*Provided material*:
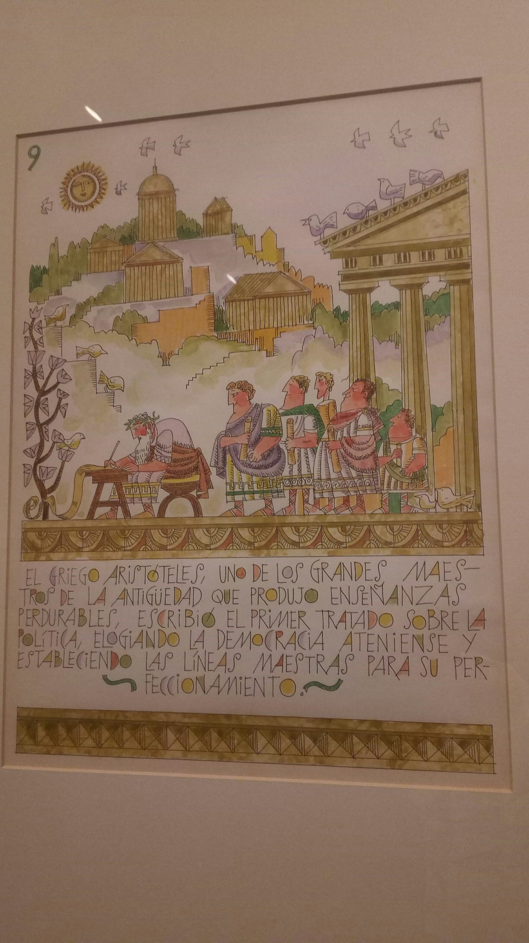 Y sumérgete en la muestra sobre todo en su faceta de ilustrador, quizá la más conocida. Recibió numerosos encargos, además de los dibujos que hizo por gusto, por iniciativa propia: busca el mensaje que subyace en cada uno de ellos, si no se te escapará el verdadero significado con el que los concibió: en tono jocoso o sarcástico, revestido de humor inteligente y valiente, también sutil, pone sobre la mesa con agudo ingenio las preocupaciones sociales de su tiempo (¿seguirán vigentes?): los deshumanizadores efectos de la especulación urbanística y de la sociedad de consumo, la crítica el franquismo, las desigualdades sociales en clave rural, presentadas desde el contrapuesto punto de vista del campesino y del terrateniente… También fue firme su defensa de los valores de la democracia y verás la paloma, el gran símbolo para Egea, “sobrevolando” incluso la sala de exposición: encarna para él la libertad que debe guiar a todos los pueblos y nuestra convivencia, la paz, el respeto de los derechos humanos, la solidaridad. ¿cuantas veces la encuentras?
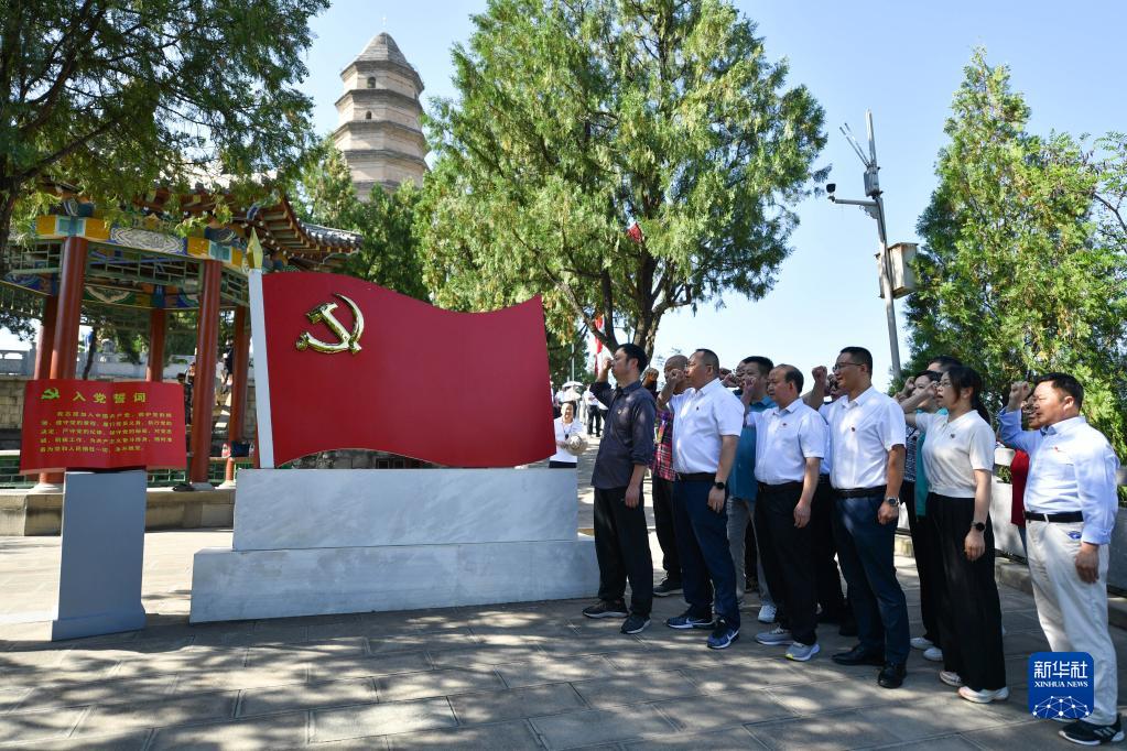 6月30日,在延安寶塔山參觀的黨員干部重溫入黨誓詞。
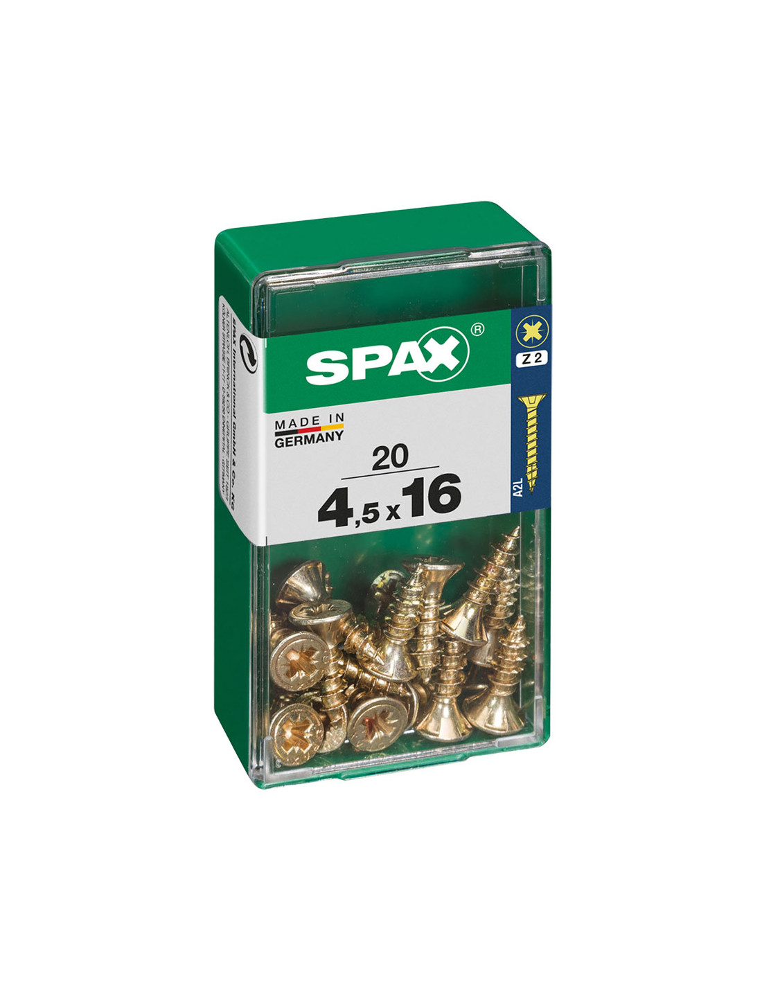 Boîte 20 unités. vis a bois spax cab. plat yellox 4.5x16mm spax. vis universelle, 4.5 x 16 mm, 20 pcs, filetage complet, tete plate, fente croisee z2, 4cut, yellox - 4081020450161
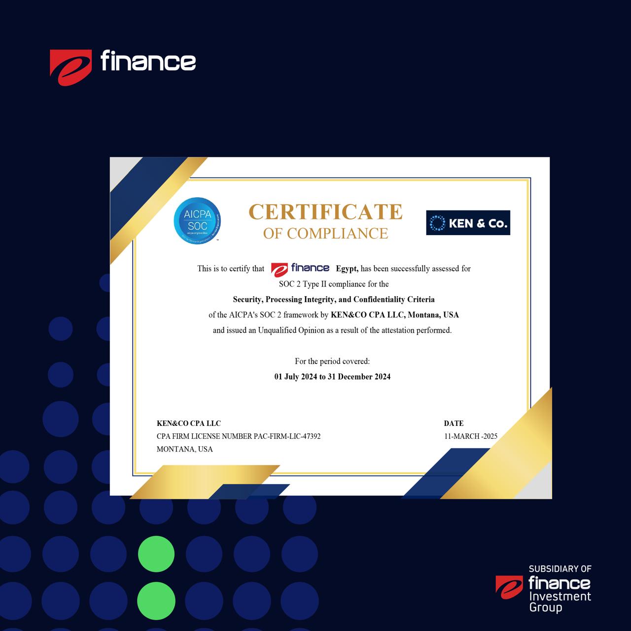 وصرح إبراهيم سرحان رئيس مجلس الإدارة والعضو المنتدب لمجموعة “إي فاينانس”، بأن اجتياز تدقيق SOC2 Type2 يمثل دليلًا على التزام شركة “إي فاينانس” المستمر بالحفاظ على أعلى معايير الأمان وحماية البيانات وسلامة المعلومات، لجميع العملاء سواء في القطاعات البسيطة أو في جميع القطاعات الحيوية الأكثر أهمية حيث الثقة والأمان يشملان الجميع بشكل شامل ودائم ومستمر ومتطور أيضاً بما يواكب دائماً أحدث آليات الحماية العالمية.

*Task requirements*:
Every line from the one with "6月30日,在延安寶塔山參觀的黨員干部重溫入黨誓詞。" through the last line of the data must be copied exactly. Leave the pictures out.

*Solution below*:
 6月30日,在延安寶塔山參觀的黨員干部重溫入黨誓詞。
 Boîte 20 unités. vis a bois spax cab. plat yellox 4.5x16mm spax. vis universelle, 4.5 x 16 mm, 20 pcs, filetage complet, tete plate, fente croisee z2, 4cut, yellox - 4081020450161
 وصرح إبراهيم سرحان رئيس مجلس الإدارة والعضو المنتدب لمجموعة “إي فاينانس”، بأن اجتياز تدقيق SOC2 Type2 يمثل دليلًا على التزام شركة “إي فاينانس” المستمر بالحفاظ على أعلى معايير الأمان وحماية البيانات وسلامة المعلومات، لجميع العملاء سواء في القطاعات البسيطة أو في جميع القطاعات الحيوية الأكثر أهمية حيث الثقة والأمان يشملان الجميع بشكل شامل ودائم ومستمر ومتطور أيضاً بما يواكب دائماً أحدث آليات الحماية العالمية.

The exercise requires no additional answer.